◆ **Directions**
Transcribe only the lines in the data below falling between the line with "Чепура велика, велика" and the line with "Další ukázka typického", including those two lines, and leave out any picture.

◆ **Records provided**
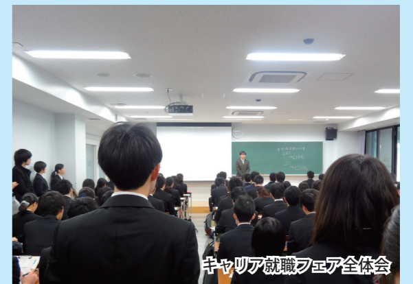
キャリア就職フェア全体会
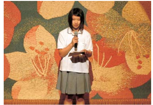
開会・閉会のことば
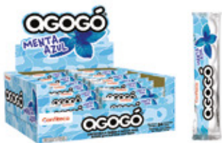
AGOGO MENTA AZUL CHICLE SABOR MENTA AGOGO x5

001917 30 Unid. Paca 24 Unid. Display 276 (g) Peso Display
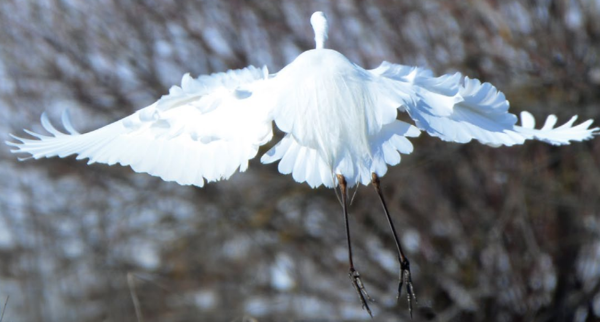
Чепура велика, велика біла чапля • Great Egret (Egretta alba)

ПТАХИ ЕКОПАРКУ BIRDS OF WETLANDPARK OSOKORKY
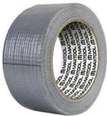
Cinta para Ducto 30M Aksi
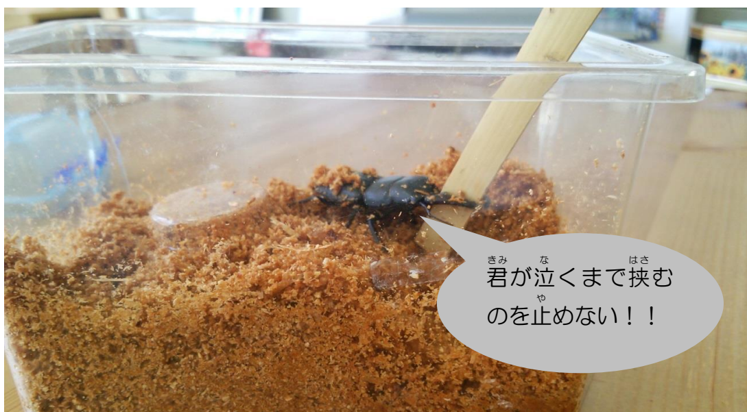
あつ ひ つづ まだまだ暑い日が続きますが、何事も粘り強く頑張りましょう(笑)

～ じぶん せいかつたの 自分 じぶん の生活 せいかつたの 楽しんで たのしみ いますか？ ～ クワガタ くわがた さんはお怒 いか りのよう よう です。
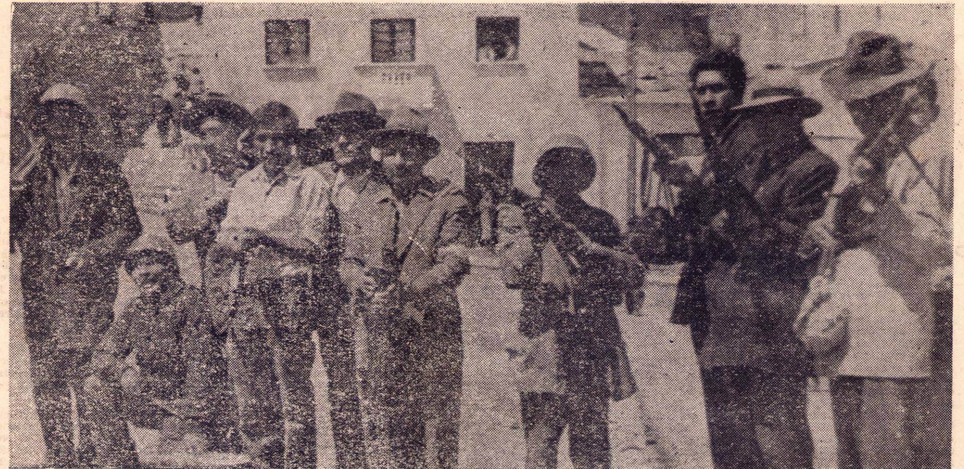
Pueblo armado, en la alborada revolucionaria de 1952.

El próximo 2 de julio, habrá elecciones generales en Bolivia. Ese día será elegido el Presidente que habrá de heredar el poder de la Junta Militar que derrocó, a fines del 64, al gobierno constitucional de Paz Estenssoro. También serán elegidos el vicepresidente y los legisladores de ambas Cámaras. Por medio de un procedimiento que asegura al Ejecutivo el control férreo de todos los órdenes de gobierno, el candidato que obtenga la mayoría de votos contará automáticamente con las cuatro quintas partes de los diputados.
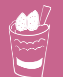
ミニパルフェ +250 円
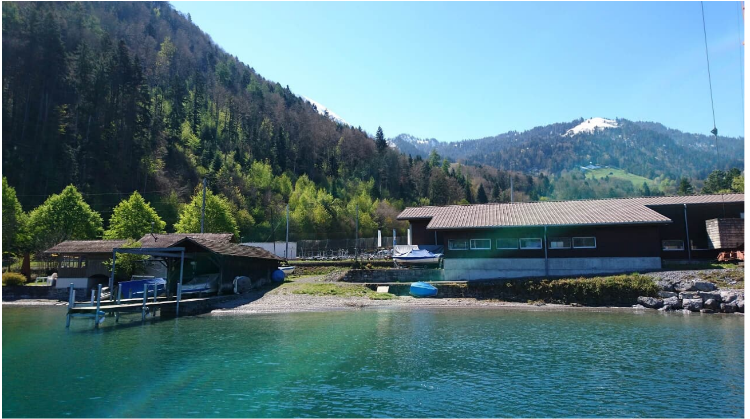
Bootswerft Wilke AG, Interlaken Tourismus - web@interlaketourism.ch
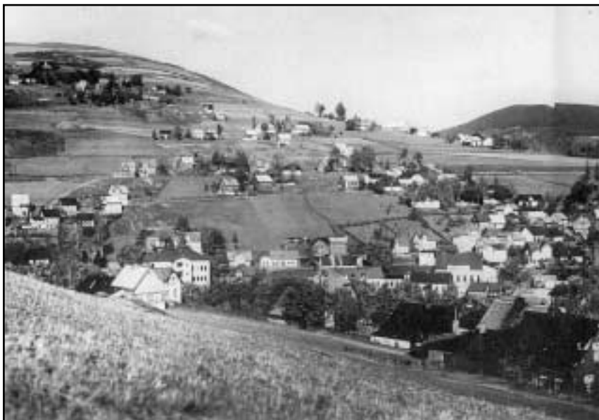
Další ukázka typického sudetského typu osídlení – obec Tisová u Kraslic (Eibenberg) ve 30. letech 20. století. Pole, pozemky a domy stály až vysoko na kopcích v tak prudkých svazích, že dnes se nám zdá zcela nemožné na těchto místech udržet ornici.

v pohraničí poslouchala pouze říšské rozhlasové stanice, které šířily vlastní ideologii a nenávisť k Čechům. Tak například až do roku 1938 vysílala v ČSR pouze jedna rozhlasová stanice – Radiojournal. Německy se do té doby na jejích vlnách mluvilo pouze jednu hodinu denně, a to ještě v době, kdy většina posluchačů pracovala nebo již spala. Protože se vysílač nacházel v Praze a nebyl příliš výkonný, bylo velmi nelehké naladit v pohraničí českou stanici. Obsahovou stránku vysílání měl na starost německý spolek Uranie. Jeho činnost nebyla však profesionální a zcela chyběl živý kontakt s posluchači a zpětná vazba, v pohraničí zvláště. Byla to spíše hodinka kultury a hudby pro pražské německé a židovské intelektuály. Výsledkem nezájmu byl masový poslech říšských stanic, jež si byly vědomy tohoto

◆ **Output of the task**
Чепура велика, велика біла чапля • Great Egret (Egretta alba)

ПТАХИ ЕКОПАРКУ BIRDS OF WETLANDPARK OSOKORKY
Cinta para Ducto 30M Aksi
あつ ひ つづ まだまだ暑い日が続きますが、何事も粘り強く頑張りましょう(笑)

～ じぶん せいかつたの 自分 じぶん の生活 せいかつたの 楽しんで たのしみ いますか？ ～ クワガタ くわがた さんはお怒 いか りのよう よう です。
Pueblo armado, en la alborada revolucionaria de 1952.

El próximo 2 de julio, habrá elecciones generales en Bolivia. Ese día será elegido el Presidente que habrá de heredar el poder de la Junta Militar que derrocó, a fines del 64, al gobierno constitucional de Paz Estenssoro. También serán elegidos el vicepresidente y los legisladores de ambas Cámaras. Por medio de un procedimiento que asegura al Ejecutivo el control férreo de todos los órdenes de gobierno, el candidato que obtenga la mayoría de votos contará automáticamente con las cuatro quintas partes de los diputados.
ミニパルフェ +250 円
Bootswerft Wilke AG, Interlaken Tourismus - web@interlaketourism.ch
Další ukázka typického sudetského typu osídlení – obec Tisová u Kraslic (Eibenberg) ve 30. letech 20. století. Pole, pozemky a domy stály až vysoko na kopcích v tak prudkých svazích, že dnes se nám zdá zcela nemožné na těchto místech udržet ornici.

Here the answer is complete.